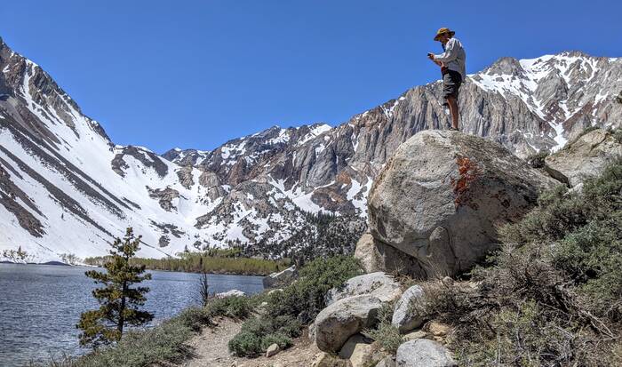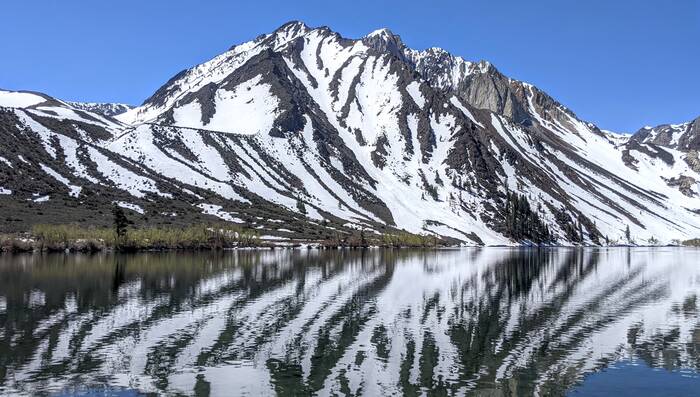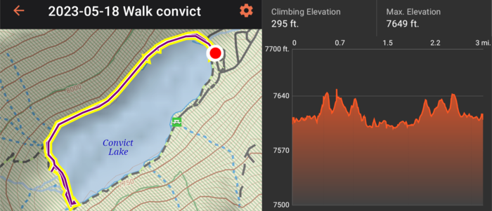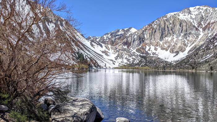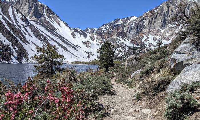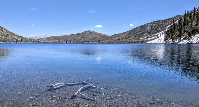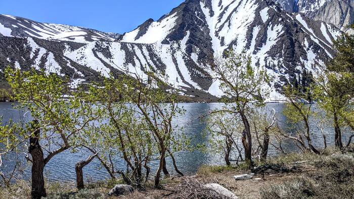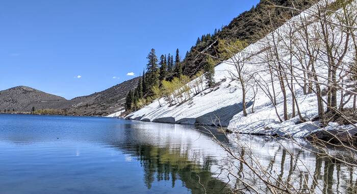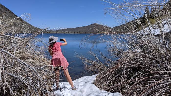 Thursday, we headed north along 395 and to higher elevations. Our first stop was Convict Lake. Most of the trail circling the lake was clear of snow, except for a spot a little more than halfway around the lake.
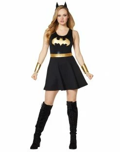 Save Gotham City in style with this officially licensed Batman dress kit! This black dress features gold detailing and a matching sparkling bat-symbol. With an included bat-eared headband and gold armbands, you’ll be out of the Batcave and patrolling the streets of Gotham in no time. Stop the Joker in his tracks on Halloween night with this heroic ensemble!
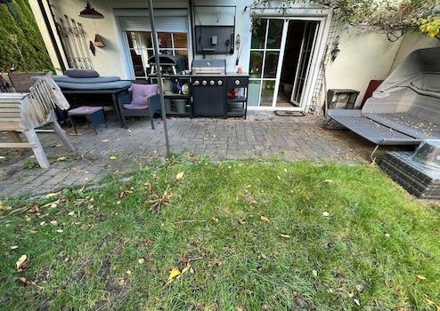 Im Erdgeschoss erwartet Sie ein großzügiger, offener Wohn- und Essbereich mit integrierter Einbauküche sowie praktischer Speisekammer. Von hier aus genießen Sie den direkten Zugang zum Garten, der durch eine blickdichte Hecke rundum geschützt ist und somit ein hohes Maß an Privatsphäre bietet. Der Eingang ist zudem komfortabel über nur eine Stufe erreichbar.
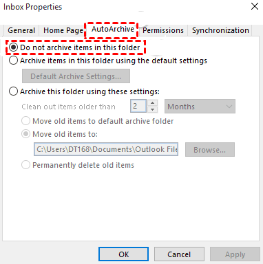 Step 2. In the opening Properties dialog box, please enable the AutoArchive tab, and check the Do not archive items in this folder option. See screenshot.
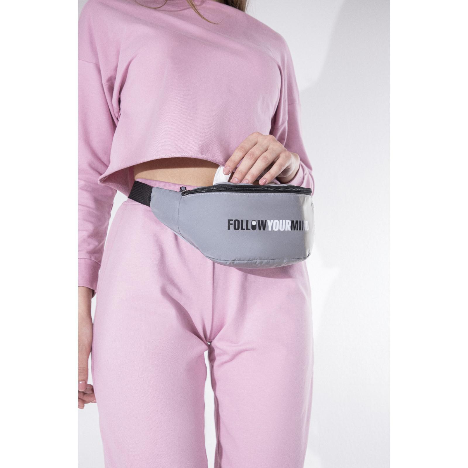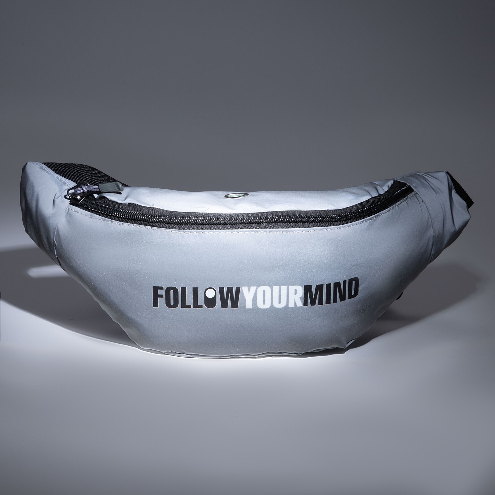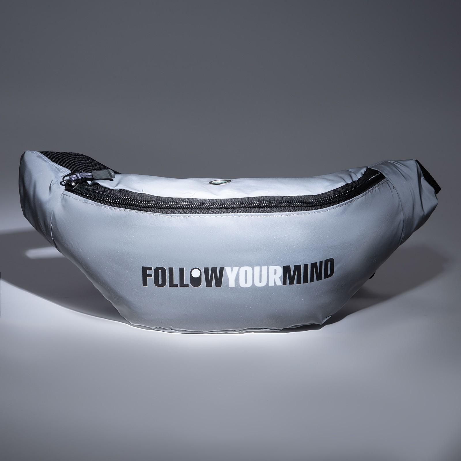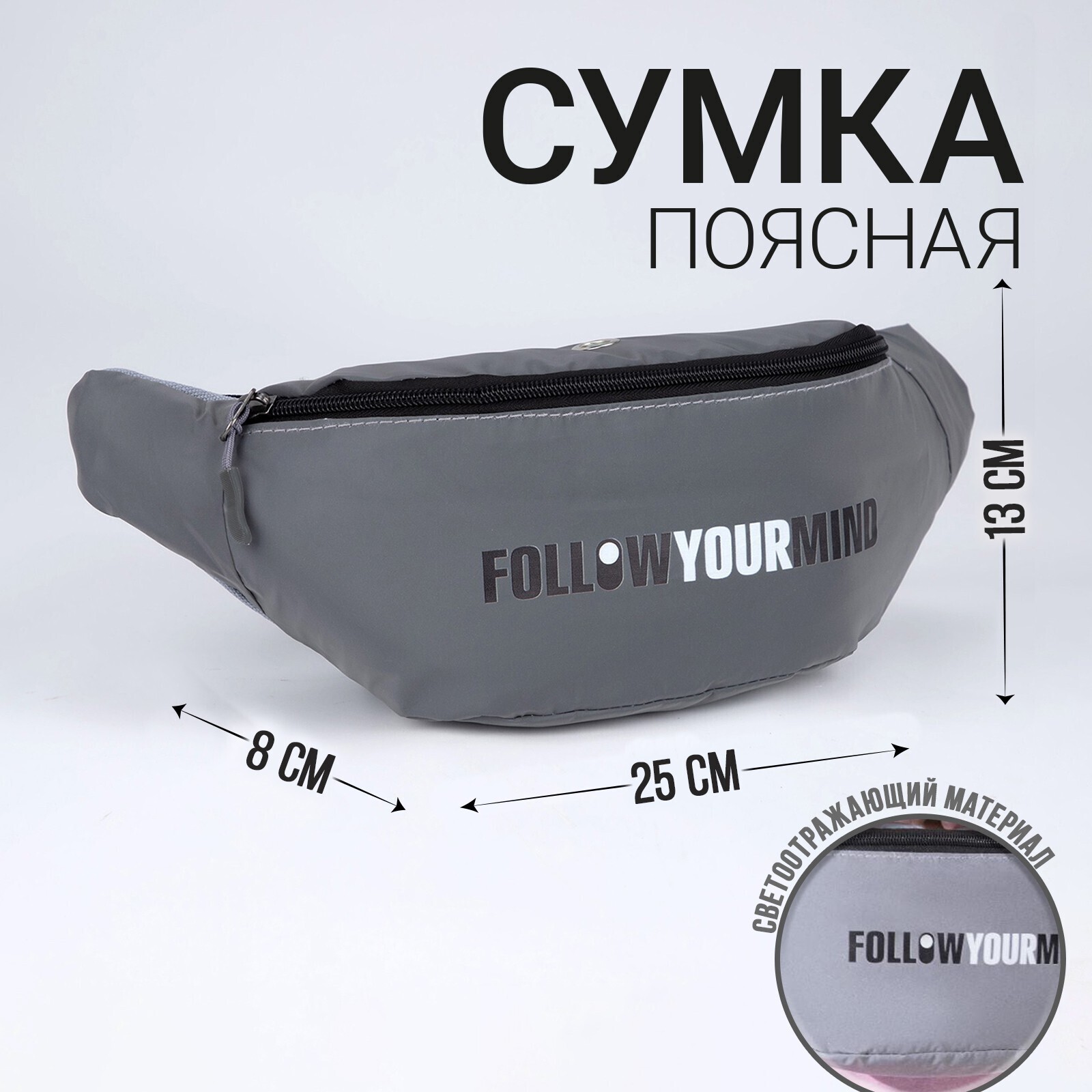 Сумка поясная светоотражающая FOLLOW YOUR MIND 35х12х5 см, цвет серый
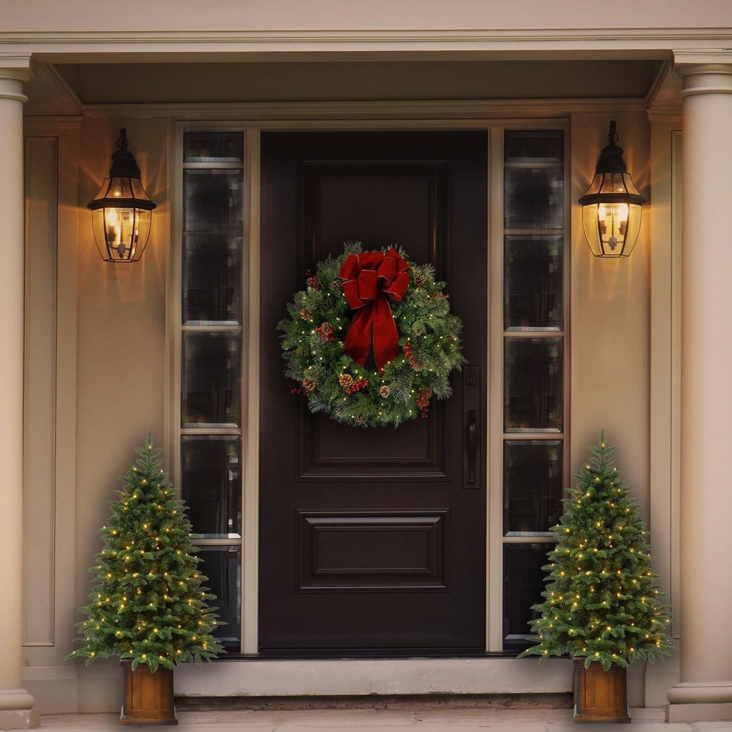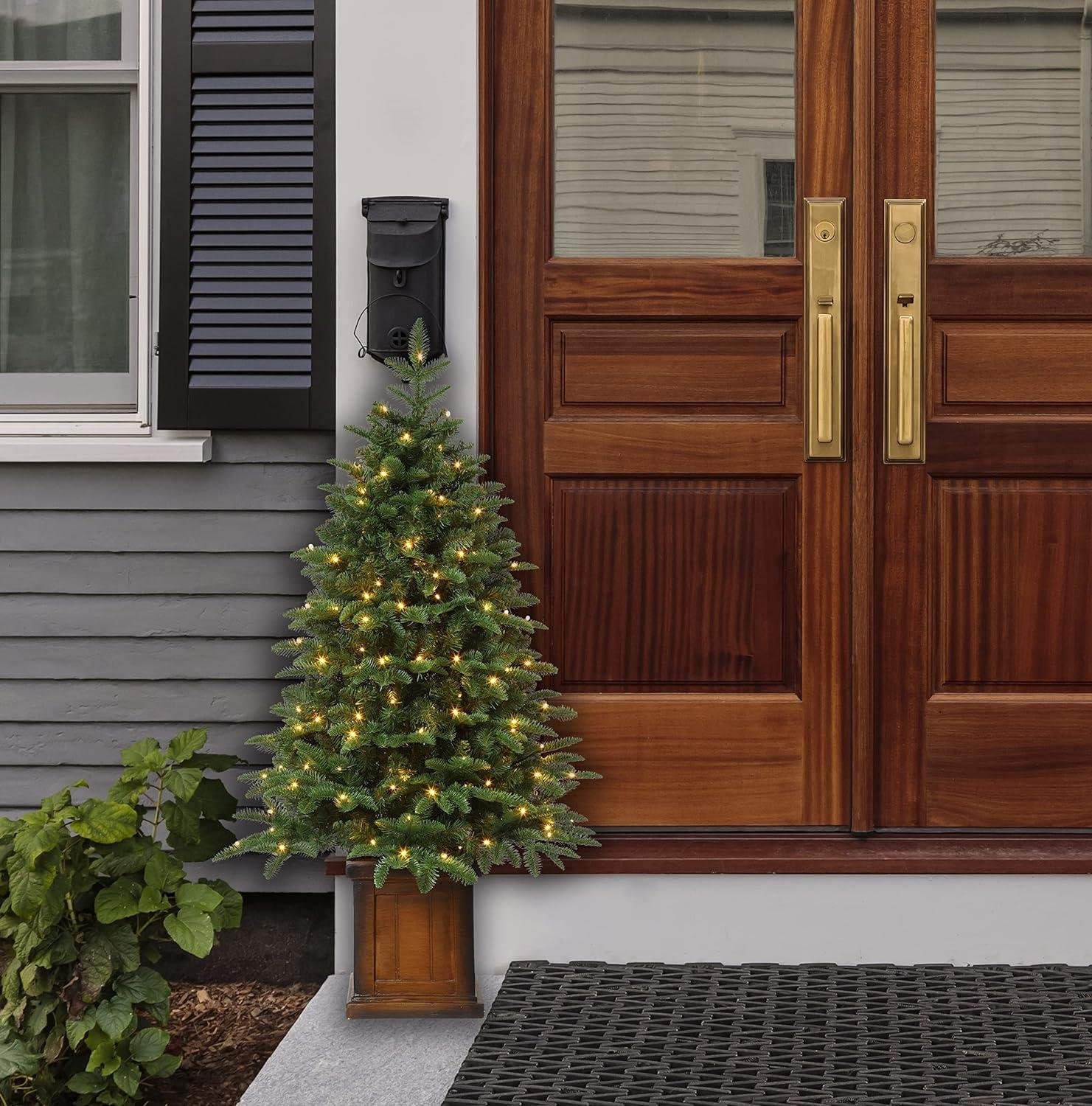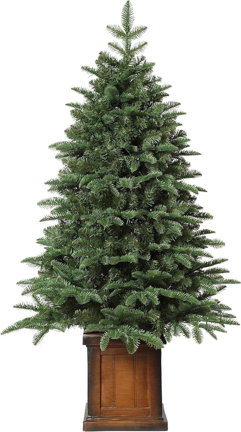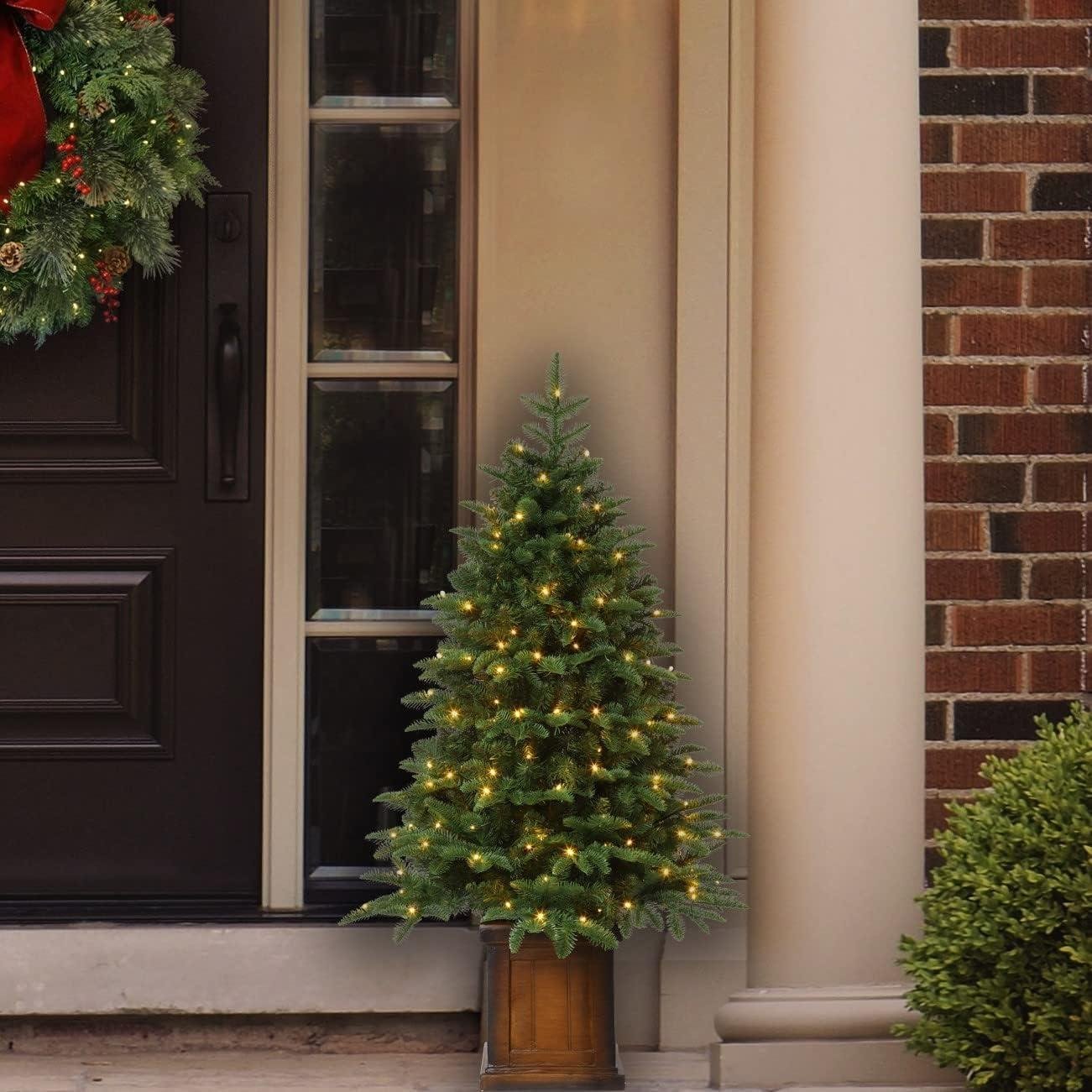 Haute Decor Noble Fir Pre-Lit Potted Christmas Tree – 4.5 Feet Tall with 200 Warm White Energy Efficient LED Lights – Realistic Lighted Tree in Sturdy Planter

——————

--- TASK DETAILS ---
An exact copy of every entry, without pictures, should be your output.

--- EXERCISE OUTPUT ---
 Thursday, we headed north along 395 and to higher elevations. Our first stop was Convict Lake. Most of the trail circling the lake was clear of snow, except for a spot a little more than halfway around the lake.
 Save Gotham City in style with this officially licensed Batman dress kit! This black dress features gold detailing and a matching sparkling bat-symbol. With an included bat-eared headband and gold armbands, you’ll be out of the Batcave and patrolling the streets of Gotham in no time. Stop the Joker in his tracks on Halloween night with this heroic ensemble!
 Im Erdgeschoss erwartet Sie ein großzügiger, offener Wohn- und Essbereich mit integrierter Einbauküche sowie praktischer Speisekammer. Von hier aus genießen Sie den direkten Zugang zum Garten, der durch eine blickdichte Hecke rundum geschützt ist und somit ein hohes Maß an Privatsphäre bietet. Der Eingang ist zudem komfortabel über nur eine Stufe erreichbar.
 Step 2. In the opening Properties dialog box, please enable the AutoArchive tab, and check the Do not archive items in this folder option. See screenshot.
 Сумка поясная светоотражающая FOLLOW YOUR MIND 35х12х5 см, цвет серый
 Haute Decor Noble Fir Pre-Lit Potted Christmas Tree – 4.5 Feet Tall with 200 Warm White Energy Efficient LED Lights – Realistic Lighted Tree in Sturdy Planter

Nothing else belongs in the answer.